There was also another lead from my colleague for an immigration tech startup. TBD on that.
With all these threads going on, I am also stitching Oboade Labs Inc as a software studio for the kind of projects I want to make. The ethos behind every side project I've built over the past couple of years (Gogomi, Compass Wrapped, Jules) keeps circling around the same idea: "outside lies magic"—celebrating movement, embodiment and exploration.
I got another fan mail this month, this time from an SFU student using Gogomi. Second one ever, the first was from a guy trying to run all the streets in vancouver. Right around the same time, Azure sent a notification that my credits were finally expiring (since I'm no longer with Microsoft)—more costs coming out of my pocket. I ran the numbers on Gogomi and Jules and filed corp taxes for the first time (T2SCH100 and all that jazz)

I also finally made a logo (whoop whoop!).

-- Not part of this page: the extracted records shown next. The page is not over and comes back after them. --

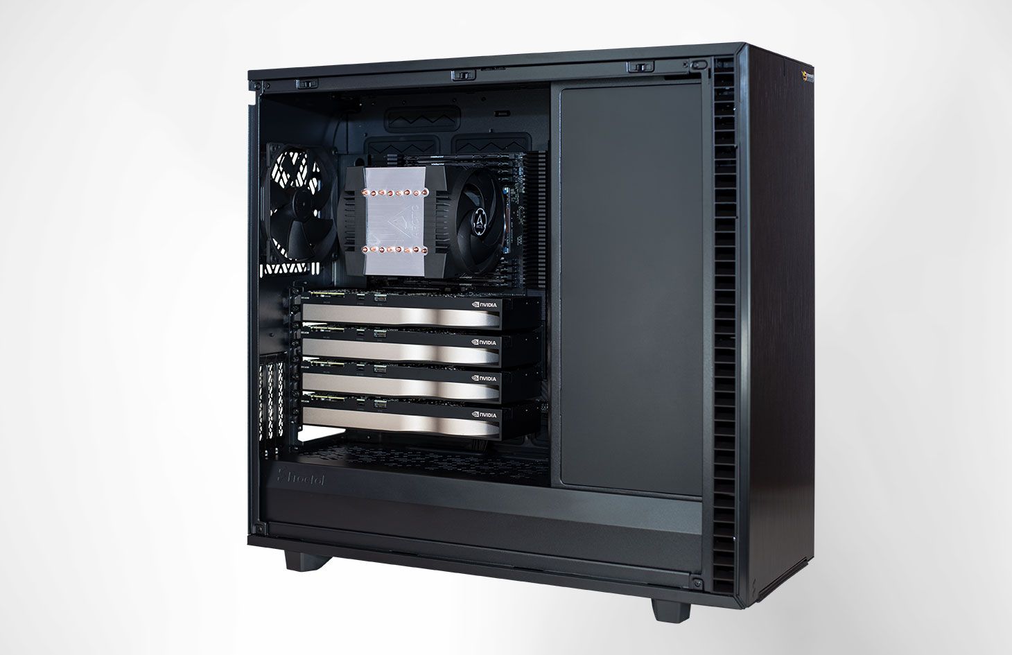 Sie wollen den ultimativen Produktivitätsbooster? Wir haben gemeinsam mit AMD unsere PULSARON Threadripper™ PRO Workstation entwickelt. Diese wahrhaft konkurrenzlos-schnelle Kraftmaschine reißt die Leistungsgrenzen herkömmlicher Single- und Dual-Socket Workstations nieder und ist mit allen AMD-Performance Features bei Schneider Digital erhältlich. Schneider Digital und AMD bringen zusammen, was zusammengehört: geballte 64-Kern CPU-Dynamik mit 128 Threads angebunden an Hochleistungs-Arbeitsspeicher mit 3.200 MHz Takt, der auf 2-Terabyte ECC erweitert werden kann. Unser Mainboard mit 7x PCI Express 4.0 x16 Steckplätzen für Ultra- High-End Grafikoptionen und der Möglichkeit 16 NVMe-Massenspeicher mit U.2 oder M.2 Schnittstellen als internes geräuschloses, sehr schnelles RAID Laufwerk bereitzustellen, integrieren wir in ein schmuckes, kompaktes Gehäuse mit einem optimal-dimensionierten Kühlungskonzept. Damit ist die ISV-zertifizierte PULSARON Threadripper™ PRO Workstation fit für komplexeste Photogrammmetrie, Rendering- und Visualisierungsworkflows, 8K-Streaming und (AI) Simulationslösungen.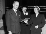 R. O. Fincher, left, principal of E. M. Daggett Elementary and Junior High Schools, was presented a state life membership in the Texas Congress of Parents and Teacher by Mrs. Harris Forsyth, right, a past president of the Daggett Parent Teacher Association. Also present was Mrs. Joe M. Teichman, center, current president of the Daggett Parent Teacher Association. Published in the evening edition, February 23, 1951.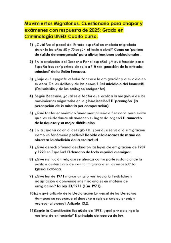 Movimientos Migratorios. Cuestionario para chapar y exámenes con respuesta de 2025: Grado en Criminología UNED-Cuarto curso.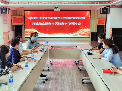 与社区开展共建,服务市民终身学习。与全国社区党建标杆芍药居二社区党委“红芍社”开展共建,组织召开党建融合服务市民终身学习研讨会,并向社区党委赠送了包括人文北京、社区法律、社区治理、茶艺、剪纸等9门校本精品课程光盘;“七一”期间还深入走访慰问抗疫一线的社区工作者。深入开展学校周边社区市民终身学习需求调研,形成调研报告。连续五年参加北京市民终身学习周活动,坚持为社区市民开办 “精品数字课程到社区”“好书一起读”“摄影技巧与作品赏析专业摄影”“法律专场”讲座等系列活动,充分利用学校优质教育资源服务周边社区,提升学校影响力。 2021年获“北京市第十七届全民终身学习活动周成功组织奖”。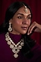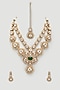 Featuring a gold finish long layered necklace studded with emerald stone, kundan polki and zircons, set in mixed metal. It is paired with a matching pair of earrings and a maangtikka. This necklace set is ideal to wear for a special event or a wedding ceremony.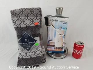 Lot #0219: 10pk Kitchen Towels & Polder Paper Towel Holder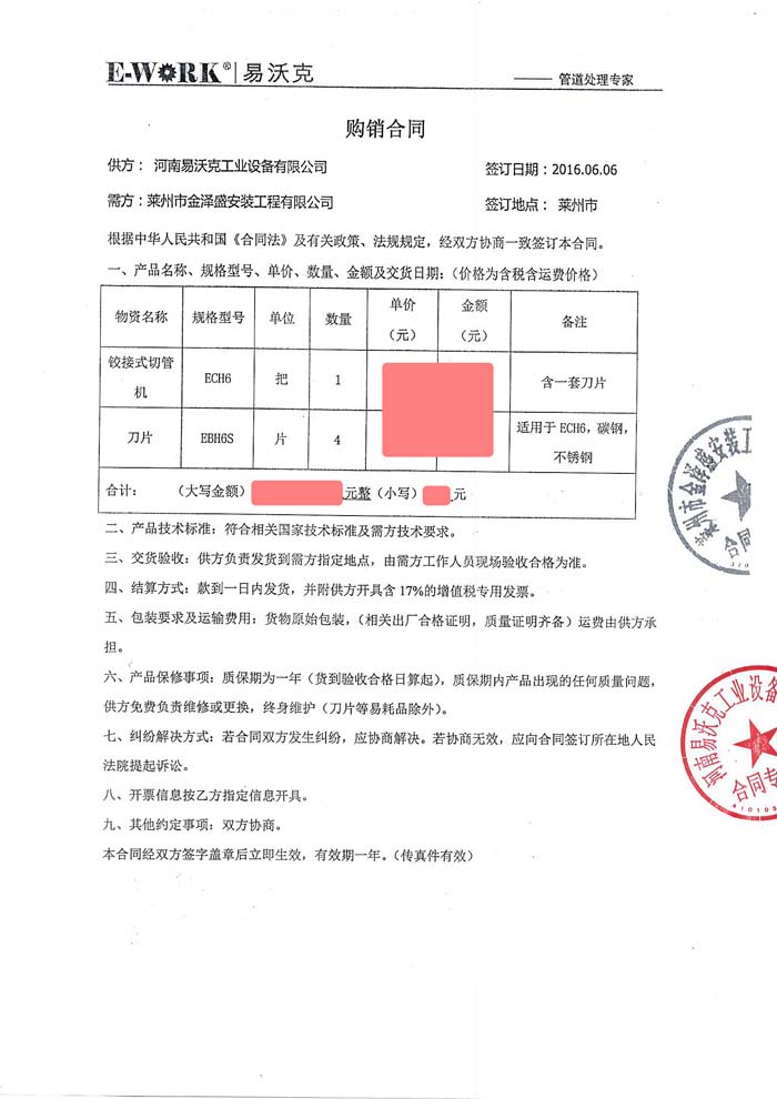 2016年萊州市金澤盛安裝工程有限公司合作業(yè)績(jī)

Sari Azout (founder of Sublime) talked about wasting so much energy getting her slogan right instead of focusing on actually spreading the word; I'd been doing the same with Oboade Labs' logo. After a week of brewing, I just went ahead and made it. With the logo done, I could no longer procrastinate on the LinkedIn page, and website



I could be more audacious with Oboade Labs, but I'm not sure that isn't just berserker mode again. For now, starting small. Without a team, it's not time yet to actualise the full vision. The biggest priority is finding cool people with similar values to work with, particularly a designer (email me if interested!).
The last day of the month was spent on three things: an afrohouse-themed spin class, a late night meetup with other industry folks (experienced founders or people who've been successful at early-stage startups), and playing Pokopia on the couch. Less wound up than I started, more in motion. With a busy inbox and much todo, phase 2 is moving.